Westworld received decidedly mixed reviews upon release in the mid-1970s. Newsweek's Paul D Zimmerman wanted the film to go further than it did, noting "What's the point of fantasy if it's rated PG?"  Meanwhile, Pauline Kael assessed the film "moderately entertaining."   Audiences were more enthusiastic, and today the film is considered a genre classic.

Uniquely, Crichton returned to the narrative template of Westworld while fashioning his most famous novel (later a movie), Jurassic Park.  In that instance, another high-tech amusement park also fell prey to a rebellion by its denizens: genetically-engineered dinosaurs.

"The best amusement park in the world...."


Westworld opens with a TV commercial that promotes the concept of the amusement park Delos to future clients.  

Here, in this world, you can escape complex reality and live another life all together.  

In Western World, Roman World (a place of "sensual, relaxed morality"), and Medieval World, visitors can indulge their most elaborate fantasies all while interacting with robots programmed to act, talk and even "bleed" just like humans.  You can kill, or fuck, for sport.

When the commercial's spokesmen interviews visitors to Delos, they enthuse about the amusement park, noting that it is "the realest" thing they have ever done.  One senior citizen raves about having played "sheriff" in Westworld for a week.  Another client, a woman, blushes at her memories of Roman World.

After the advert ends, and a hover craft lands at Delos, two visitors to the park, the macho John (James Brolin) and the neurotic Peter (Richard Benjamin) choose Western World as their "world of choice" and are shuttled by tram to a re-created town mimicking conditions in the American West of 1880.  

In short order the pair indulges in whoring and gunfights..and even murder.   On two successive occasions, Peter is confronted by a bald, dressed-in-black Gunslinger (Brynner), an android who seems to have it in for him.  And in both instances,  Peter bloodily guns the robot down.

While John and Peter enjoy their week in Westworld, the scientists tasked with overseeing the vast Delos grounds toil in subterranean environs to repair and service hundreds of androids.  A new concern soon arises.  Android breakdowns are on the rise, almost as though an infectious disease is passing from one android to another.  The scientists watch concerned as android behavior begins to turn...rebellious

Instead of shutting down the park, the scientists opt to continue observing.

This delay in decisive action proves to be a mistake, since the androids revolt and begin to murder the Delos guests.  In Westworld, the Gunslinger returns one last time, looking to even up the score.  He murders John in a shoot-out.  The machine then sets off on a relentless pursuit of Peter through Roman World and Medieval World.  

A desperate Peter now must utilize every survival instinct and weapon at his disposal (including hydrochloric acid and fire) to survive the machine's endless attacks.

"The realest thing I've ever done..."


The first thing to acknowledge about Westworld is that the  Michael Crichton has directed the low-budget picture with a real sense of competence...and most importantly, consistency.

For instance, all of the scenes set in the underground complex utilize lengthy camera pans.  These pans (of high-tech machinery, infirmary beds for the robots, whirring reel-to-reel computers, etc.) cover a tremendous amount of territory and successively give one the impression of Delos' massive control apparatus.  

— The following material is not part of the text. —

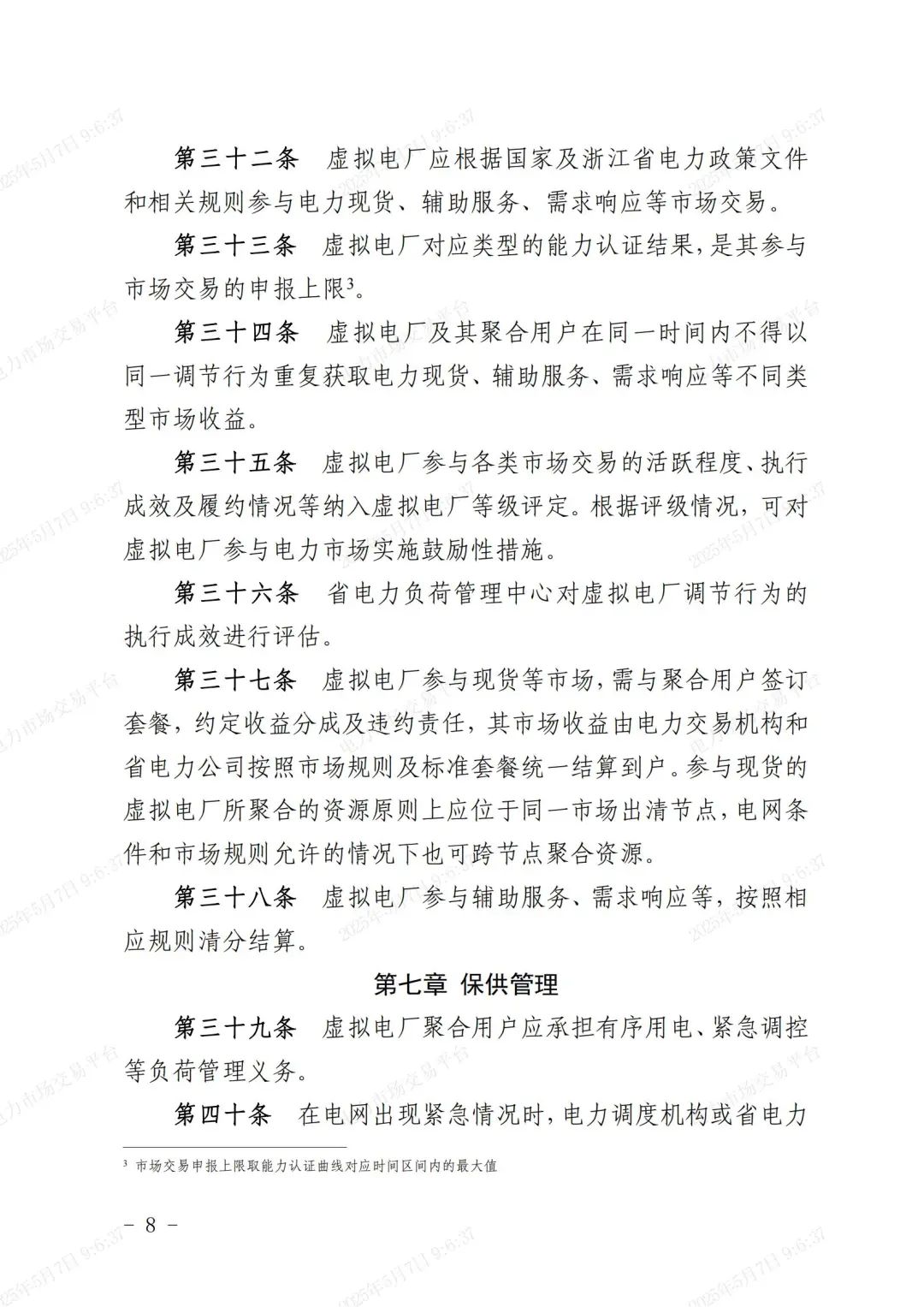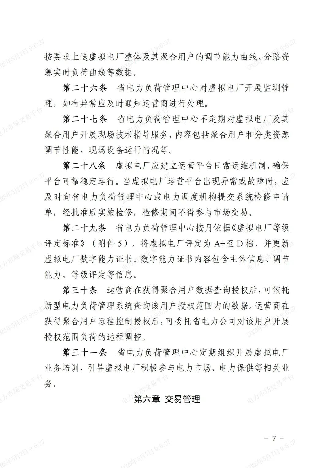 中國儲能網(wǎng)訊:據(jù)國網(wǎng)浙江省電力有限公司6日消息,《浙江省虛擬電廠運(yùn)營管理細(xì)則(試行)》(下稱《細(xì)則》)近日印發(fā),其首次系統(tǒng)明確虛擬電廠從“注冊接入—能力認(rèn)證—運(yùn)行管理—交易管理—保供管理—退出管理”的全流程閉環(huán)管理要求,并依托新型電力負(fù)荷管理系統(tǒng)實現(xiàn)資源“可觀、可測、可調(diào)、可控”,推動虛擬電廠健康運(yùn)營,助力新型電力系統(tǒng)高質(zhì)量發(fā)展。

We return to this underground complex several times in the film, and Crichton universally deploys these lengthy pans; not just to provide the setting a sense of scope, but also to keep things moving in the film.  

We're constantly aware, via these frequent panning shots, of the momentum necessary to keep Delos operational.  Underground, nothing ever stops.  And the nighttime "clean-up" scene in Westworld with vehicles and workmen gathering the "dead" androids for repairs likewise adds to the film's sense of reality; to the sense of a real-life park at an apex of activity.

Inside Westworld, Crichton adopts a different technique to film the "fake" cowboy moments; the moments that seem to be straight out of old Western films and TV shows.  In this case -- for bar fights and shoot-outs that aren't real -- he deploys slow motion photography so that immediately our minds seize on the concept of movie Westerns; and of a history of being entertained by them.  These heightened, almost exaggerated (and again, lengthy) sequences remind us that this world of Delos is all but  "play acting;" that the world Peter and John engage with in Delos is not real or authentic.  It's a game.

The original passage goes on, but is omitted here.